Во время своего мореплаванія изъ Александріи онъ сошелся въ первый разъ въ жизни съ тѣми бодрыми, мужественными личностями которыхъ мы обыкновенно, не обращая вниманія на ихъ настоящій возрастъ, чествуемъ "молодцами." Лучшимъ молодцемъ изо всего экипажа былъ старый рубака полковникъ, отправлявшійся на родину праздновать свадьбу своей внучки. Андрью Стендрингъ никогда не бывалъ молодъ. Едва переставъ быть ребенкомъ, онъ преобразился уже въ счетную машину. Въ двадцать три года онъ возсѣлъ на колесницу Молоха, придавившую въ немъ всю силу молодой жизни, и отправился на ней давить эту силу въ другихъ. Въ сорокъ два года онъ скитался подобно безпріютному духу около счастливаго кружка, среди котораго десятка два бѣдныхъ офицеровъ и джентльменовъ развлекались отъ скуки морскаго плаванія, открывая глазамъ его новый міръ своими веселыми бесѣдами. Міръ этотъ былъ, можетъ-быть, не особенно прекрасенъ или мудръ, но все-таки это былъ новый міръ для человѣка никогда не знавшаго молодости -- для изгнанника, привыкшаго смотрѣть на свѣтъ Божій какъ на огромный торговый домъ, а на человѣчество лишь какъ на должниковъ и заимодавцевъ, на торговцевъ и покупщиковъ.
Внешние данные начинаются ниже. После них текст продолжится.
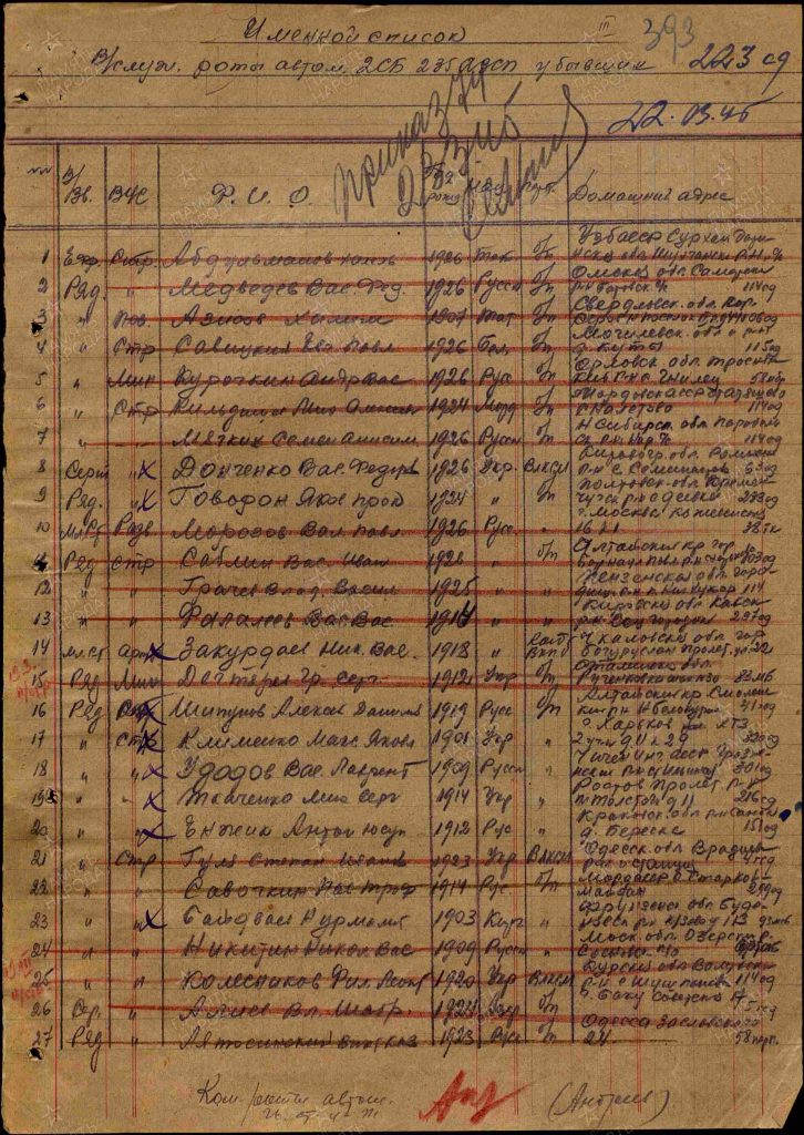 Родился он 23.04.1924. Вроде откуда то из Воронежа или округи. Но на момент начала войны жил в Бежице под Брянском (сейчас это район Брянска).

Онъ все вертѣлся около этого веселаго кружка и черезъ нѣсколько времени былъ допущенъ въ среду его. "Старый медвѣдь," говорили они "малый вовсе не дурной, но только ужь черезчуръ безотвѣтный." Безотвѣтный! Встрѣться они съ нимъ на его собственной почвѣ, онъ бы сумѣлъ перепродать и перекупить ихъ всѣхъ сколько ни есть, три раза въ день. Какъ всегда бываетъ между людьми находящимися вмѣстѣ на кораблѣ, несущемъ ихъ на родину, разныя приглашенія сыпались на него со всѣхъ сторонъ. Одни приглашали его въ Гудвудъ, говоря что поспѣютъ въ Гудвудъ въ одно время еще кое съ кѣмъ; другіе обѣщались показать ему разныя знаменитыя представленія, о которыхъ онъ еще и не слыхалъ никогда; тамъ, его звали на охоту, тутъ, хотѣли познакомить его съ своими родственниками, отличными малыми, и т. д. Разумѣется, изо всѣхъ этихъ плановъ ничего не вышло, какъ всегда бываетъ; и веселый кружокъ разсѣялся по вагонамъ желѣзныхъ дорогъ, по каретамъ и по наемнымъ дрожкамъ, разъ коснувшись британской почвы, ни разу и не вспомнивъ объ остальныхъ членахъ своихъ, не говоря уже объ бѣдномъ "медвѣдѣ", очутившимся, какъ я уже говорилъ, на Черингъ-Кросской платформѣ.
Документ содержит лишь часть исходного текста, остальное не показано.